Outside, on the balcony, Benharash sat motionless in a massive wicker chair. A cigarette pushed into his fleshy, wounded lips, he stared out into the foggy night. Below, some twenty yards from the house, a tightly-packed group of soldiers stood around an open fire. The soldiers blew on their cold hands, pulled their greatcoats tightly around them. Neither cold nor heat troubled their hairy general, and on nights like this, he made a show of wearing only a T-shirt and a thin sarong. Benharash’s stamina awed the army and its enemies. Those who followed him were emboldened by his courage and comforted by his love; those who opposed him despaired in the face of his truculence.
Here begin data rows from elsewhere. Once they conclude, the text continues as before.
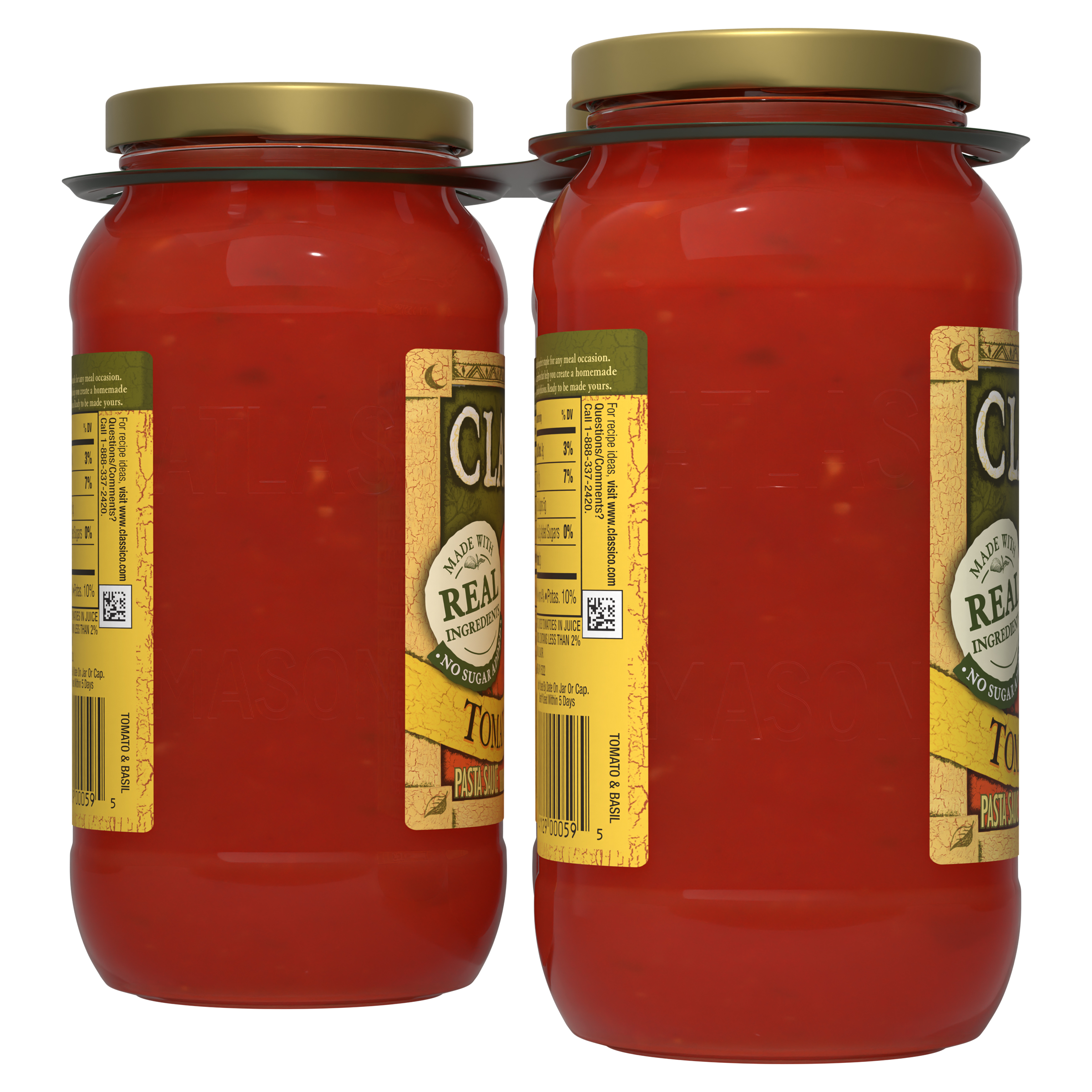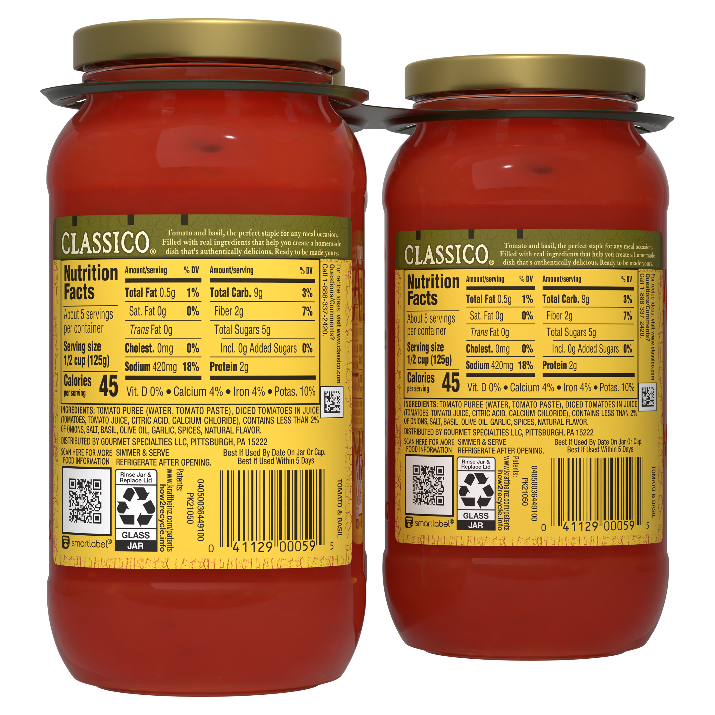 GTIN 00041129000595 Kraft Item Code (SKU) 00411290005970 Product Status Active Pack Level EACH Brand Name Classico Business Unit Elevation Catalog Platform Taste Elevation Product Category Pasta Sauce Consumer Unit Size 72 Consumer Unit Size UOM OZ Packaging Type (Computed) Pack Packaging Type Code SHRINK WRAPPED Sub Units Per Item 1 Variant Tomato & Basil Global Product Classification Code 10000057 Computed Exports - Ingredients TOMATO PUREE (WATER, TOMATO PASTE), DICED TOMATOES IN JUICE (TOMATOES, TOMATO JUICE, CITRIC ACID, CALCIUM CHLORIDE), CONTAINS LESS THAN 2% OF ONIONS, SALT, BASIL, OLIVE OIL, GARLIC, SPICES, NATURAL FLAVOR. Parent Reference 10041129000592 Quality Statement Best If Used By Date On Jar Or Cap | Best If Used Within 5 Days Storage Instructions Refrigerate After Opening | Store in Refrigerator after Opening Customer Guarantee 180 Temperature Classification Code 01 Net Weight 4.5 Gross Weight 6.755 Weight UOM LB Height (in) 6.813 Length/Depth (in) 9.552 Width (in) 3.184 Case Cube 0.12 Parent Relation CASE_10041129000592 Parent Kraft Item Code (SKU) 00411290005900 Product Title Classico Tomato & Basil Pasta Sauce, 3 ct Pack, 24 oz Jars eCommerce Product Name (Generic Name) Tomato & Basil Pasta Sauce Product Description Classico Tomato & Basil Pasta Sauce, 3 ct Pack, 24 oz Jars
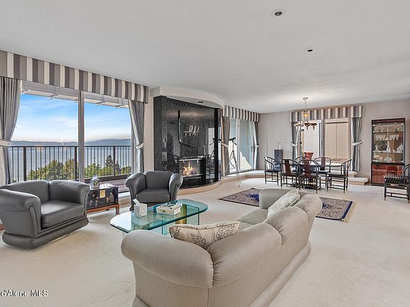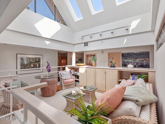 Beautiful Coeur d'Alene North PENTHOUSE With Stunning Lake Views! Spacious 2,984SF with 3BR/3.5BA plus den/office. All 3 bedrooms are private master bedroom suites. This top floor unit has breathtaking views of Lake Coeur d'Alene, resort, mountains and park! This unit comes with 3 parking spaces in enclosed parking garage, expansive trex deck with gas BBQ for soaking up the incredible views and large storage unit. Additional features include: Beautiful granite countertops, solid white oak cabinets, newer stainless steel appliances, large pantry, double wall ovens, new garbage disposal & sink(2025), 2 updated bathrooms(one has luxury vinyl plank flooring), 2 newer heat pumps(2023), 2 new water heaters(2025), newer remote control blinds in living room and bedrooms, newer washer/dryer(2023), wet-bar, gas fireplace and more! Two master suites offer private decks as well as a 3rd ensuite. Enjoy additional light filled sitting area in beautiful atrium/sunroom area with skylights. Open living room with floor to ceiling windows to enjoy the expansive and captivating views. Coeur d'Alene North Condos offer tons of amenities: Heated salt water pool, hot tub, sauna, pickleball courts, gym/work out facility, community meeting room with kitchen and living room area with gas fireplace, woodworking shop and billiard room. Enjoy everything downtown has to offer including amazing restaurants, beach, shopping, CDA resort, park, walking paths, hiking at Tubbs Hill and more. Don't miss this opportunity to own a Penthouse in highly desirable downtown location! CDA North has so much to offer with stunning views, downtown lifestyle and tons of amenities!
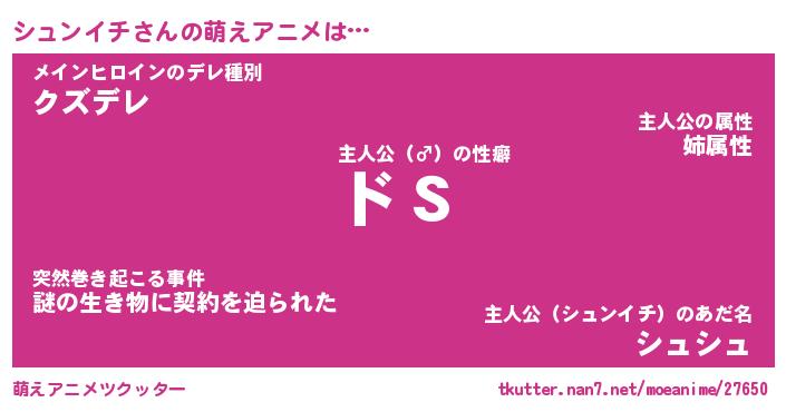 | 女子向けラノベタイトル風あだ名 | 『(仮)シュンイチのやんごとなき事情』 |
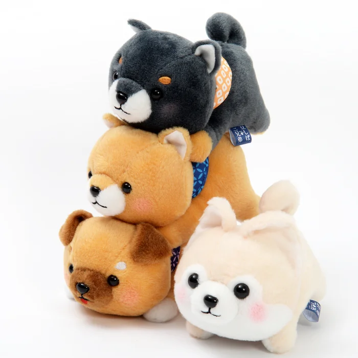 Your favorite Shiba Inu pups have been playing all day, making them so tired they just sprawled on the ground! About 7.1” long, 3.1” tall, and 3.3” wide, Mametaro, Mamejiro, Mamesaburo, and Sasuke are your standard size plushies you can hold in one hand, so why not let one of these puppies rest on your palm? You can also get the Complete Set for a group hug!
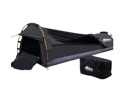 Weisshorn Dark Grey Single Biker Swag, 1 Year Warranty. Camping and enjoying the great outdoors is no fun when your tent isn’t holding up the way it should be. Think of those nights when it is just too hot, too wet, or too cold. When the creepy crawlies and flying insects have made themselves at home in your shelter. That is why you need our ever-reliable and versatile Weisshorn Single Biker Swag.
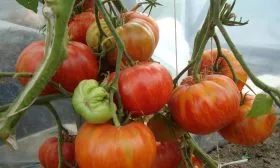 На каждой кисти может завязываться до 5-6 плодов. При своей массе в 80-100 граммов они создают значительную нагрузку на невысокий куст. В период полного плодоношения растение приобретает характерный вид: ярко-красные плоды, часто касающиеся земли, плотно «облепляют» карликовый куст со всех сторон.
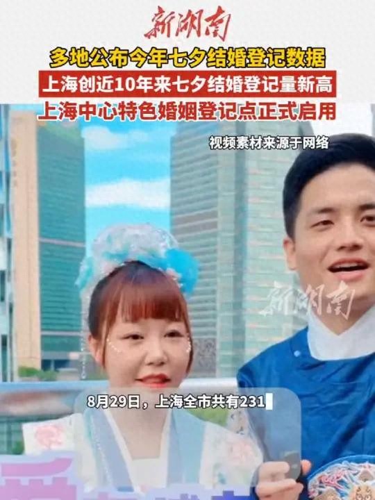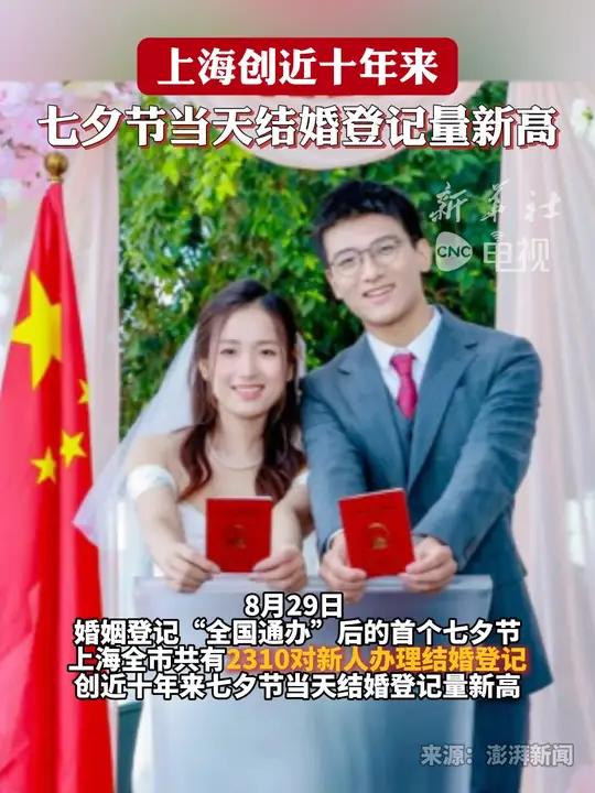 8月29日七夕节,全国民政局集体变身"爱情收费站",上海2310对新人扎堆领证,创下十年新高;新疆赛里木湖登记点凌晨就排起长龙,深圳让机器人当证婚人,新人拍赛博朋克婚纱照,这场全国通办后的首个七夕,直接把结婚登记整成大型"爱情赶集"现场。
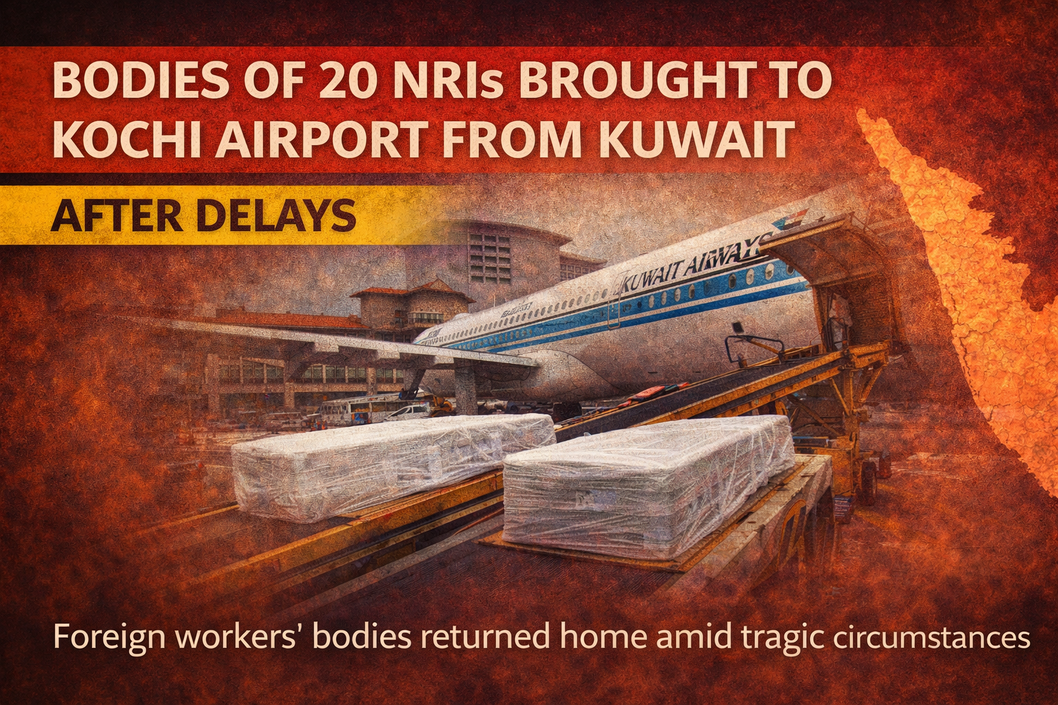 A somber scene unfolded at Cochin International Airport as the bodies of 20 non-resident Indians (NRIs) were brought from Kuwait after facing delays. The arrival marked an emotional moment for families and relatives who had been waiting for the return of their loved ones.
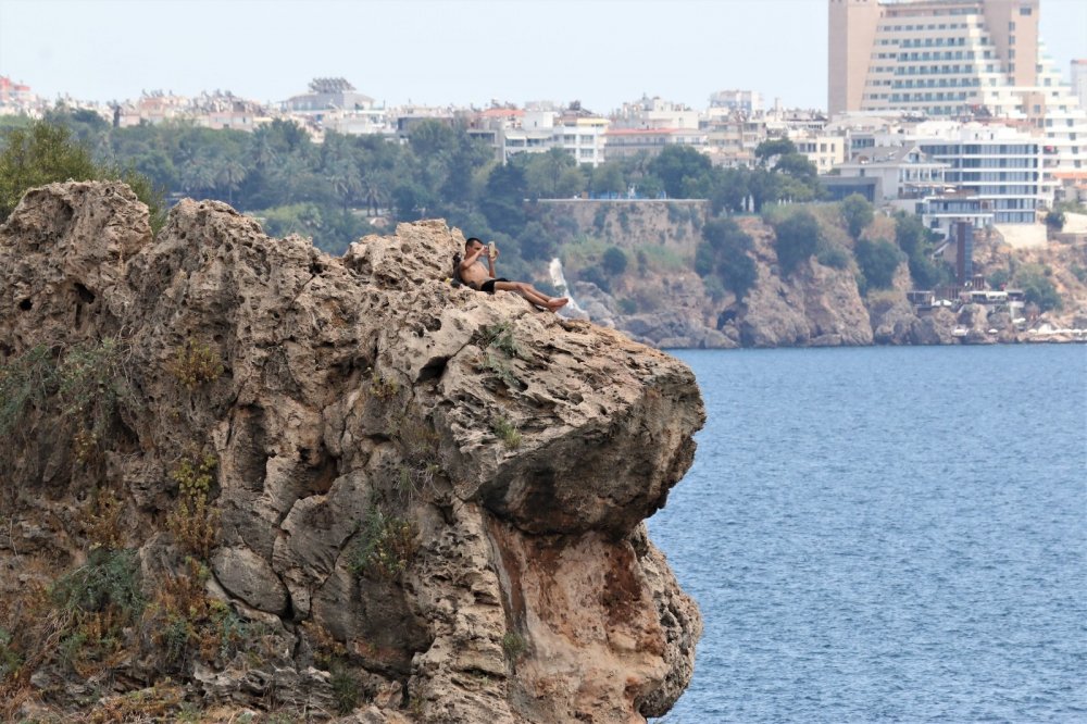Antalya'nın dünyaca ünlü Konyaatlı Sahili'nde bulunan falezlere denizden iple tırmanan gençlerin zaman zaman ellerini bırakarak oynaması ve balıklama denize atlaması izleyenlerin yüreklerini ağızlarına getirdi. Bir başka genç ise 30 metre yükseklikteki falezin hemen ucunda güneşlendi.

Every day, throughout the bloody campaign, Benharash had marched and swaggered at the head of his troops. Under the worst privations, he was indomitable, scorning danger and pain, and half-convincing his men to do the same. Often he carried a wounded soldier on his back; the injured man’s blood soaked into his uniform, and he wore those gory stains with ferocious honor. Men had drawn their last breaths with their heads against the nape of their general’s neck. Once, when a particularly young and valiant soldier died on his back, Benharash ceremoniously stopped the march and lined up the army so that all would witness their general bury the dead hero with his own hard hands. Now his marines, held out of battle, had utter conviction in the righteousness of their stalwart general’s refusal to engage San Francisco.
Below, from their campfire, on that frosty night, his guards looked up at his patio, and they saw him half-naked and pensive.
Benharash trickled into his goblet the last drops from a bottle of wine. He watched the dark-red liquid spin. Inactivity, month after empty month, had smothered his heart. Purposeless moments bled his spirit. Each day was a redundant episode of oblivion. To counter spiritual atrophy, he drilled his troops, hunted bandits on the peninsula, and subjected his body to endless exercise. Every day, he ran five hilly miles, then swam a mile in the frigid Bay. But overdrilling went against Benharash’s gain and bored his veteran troops; his raids to the south had cleaned the peninsula of renegades; and exercises, though they maintained his strength, did nothing to keep his instincts keen.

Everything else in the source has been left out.